What the task requires
Drop every image and restate the entries below word for word.

Input material
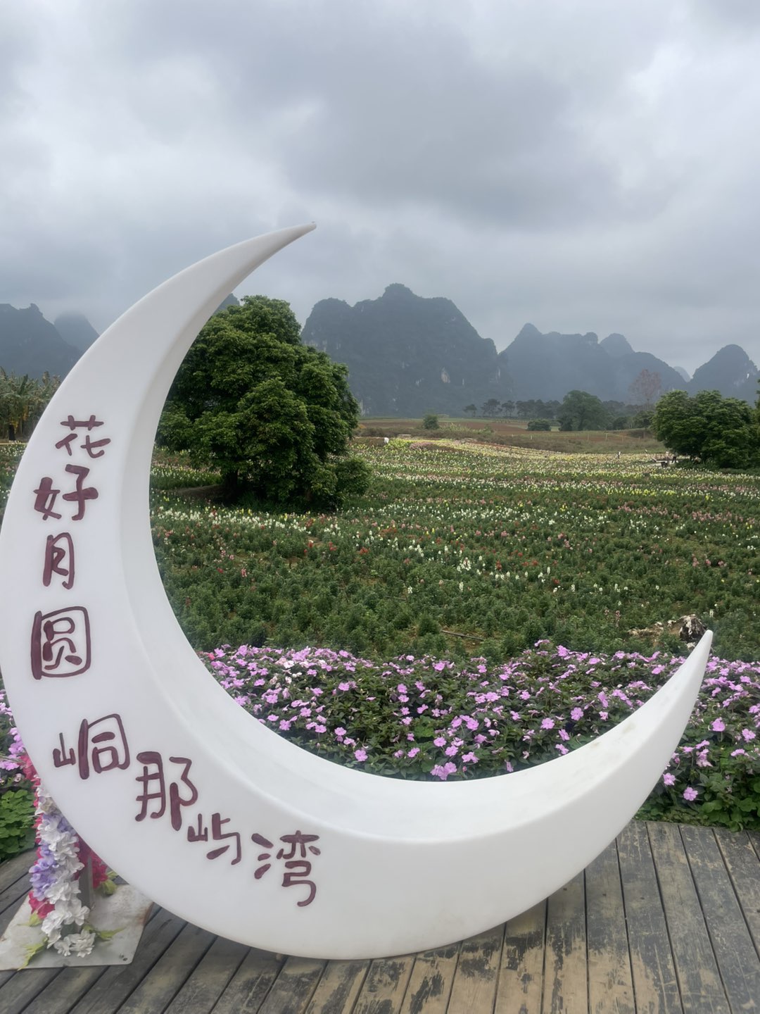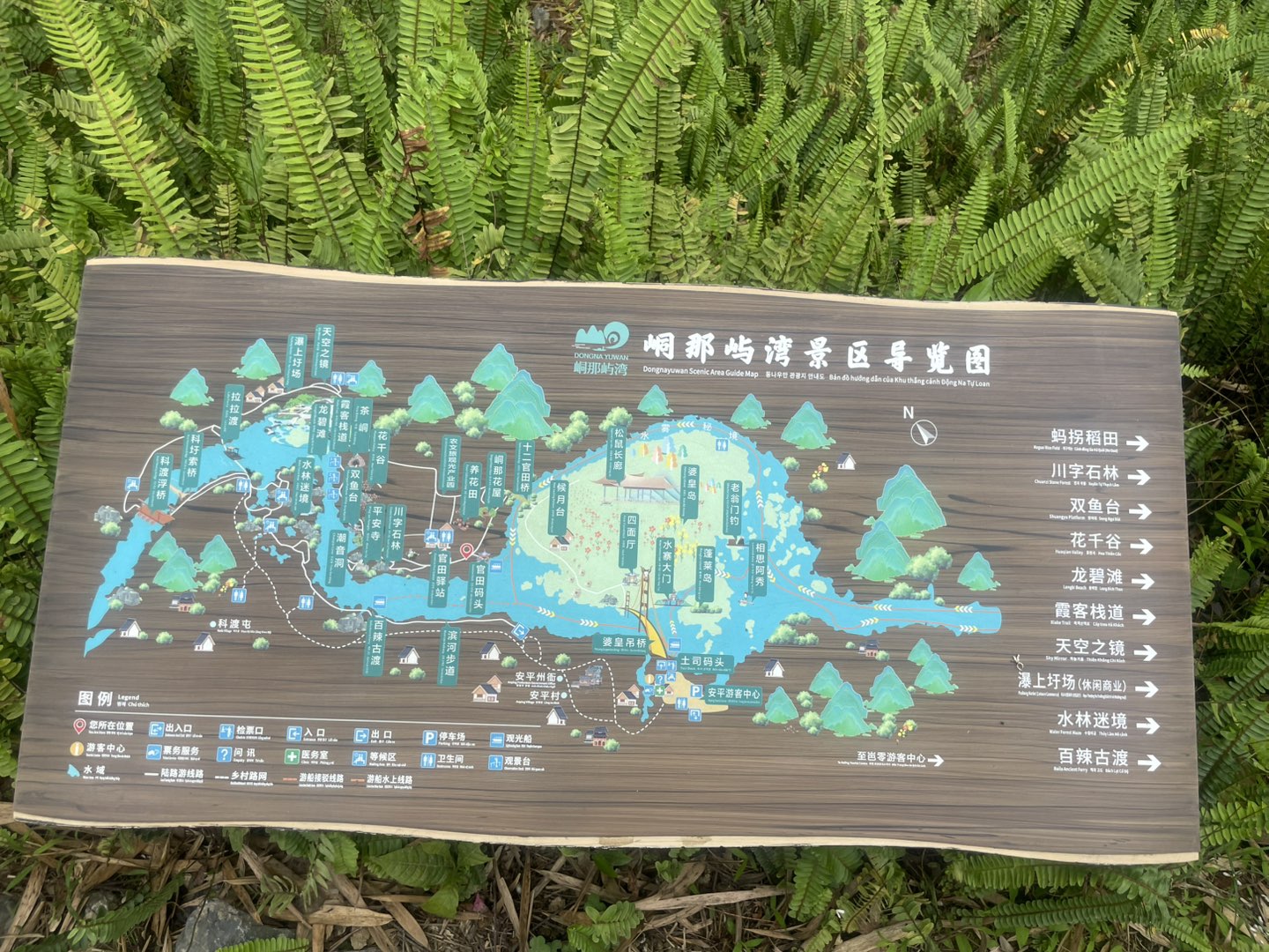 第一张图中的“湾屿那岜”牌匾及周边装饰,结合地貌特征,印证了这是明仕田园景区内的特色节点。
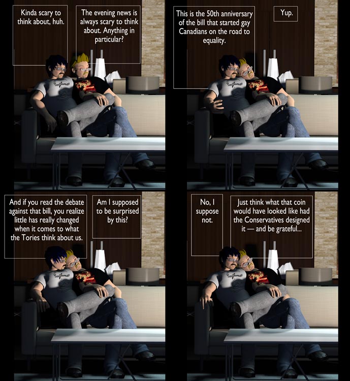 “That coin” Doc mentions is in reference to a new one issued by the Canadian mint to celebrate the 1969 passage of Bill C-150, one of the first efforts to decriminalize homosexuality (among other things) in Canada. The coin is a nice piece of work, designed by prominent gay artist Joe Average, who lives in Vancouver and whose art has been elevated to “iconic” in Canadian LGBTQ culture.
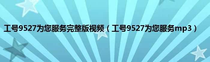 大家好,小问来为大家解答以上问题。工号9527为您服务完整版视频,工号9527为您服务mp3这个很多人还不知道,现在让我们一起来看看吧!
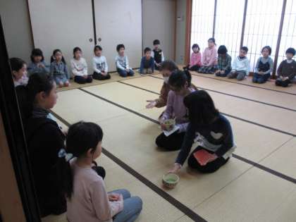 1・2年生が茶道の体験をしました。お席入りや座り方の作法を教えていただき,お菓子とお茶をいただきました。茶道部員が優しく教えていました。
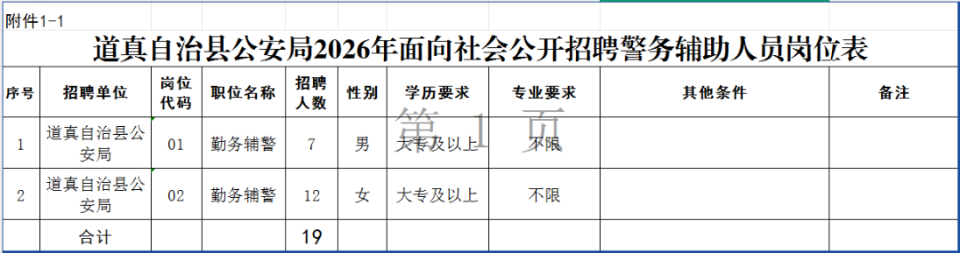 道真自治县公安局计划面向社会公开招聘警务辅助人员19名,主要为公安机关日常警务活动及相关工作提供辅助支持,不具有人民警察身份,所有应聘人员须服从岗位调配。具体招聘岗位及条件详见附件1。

Solution to this task
 第一张图中的“湾屿那岜”牌匾及周边装饰,结合地貌特征,印证了这是明仕田园景区内的特色节点。
 “That coin” Doc mentions is in reference to a new one issued by the Canadian mint to celebrate the 1969 passage of Bill C-150, one of the first efforts to decriminalize homosexuality (among other things) in Canada. The coin is a nice piece of work, designed by prominent gay artist Joe Average, who lives in Vancouver and whose art has been elevated to “iconic” in Canadian LGBTQ culture.
 大家好,小问来为大家解答以上问题。工号9527为您服务完整版视频,工号9527为您服务mp3这个很多人还不知道,现在让我们一起来看看吧!
 1・2年生が茶道の体験をしました。お席入りや座り方の作法を教えていただき,お菓子とお茶をいただきました。茶道部員が優しく教えていました。
 道真自治县公安局计划面向社会公开招聘警务辅助人员19名,主要为公安机关日常警务活动及相关工作提供辅助支持,不具有人民警察身份,所有应聘人员须服从岗位调配。具体招聘岗位及条件详见附件1。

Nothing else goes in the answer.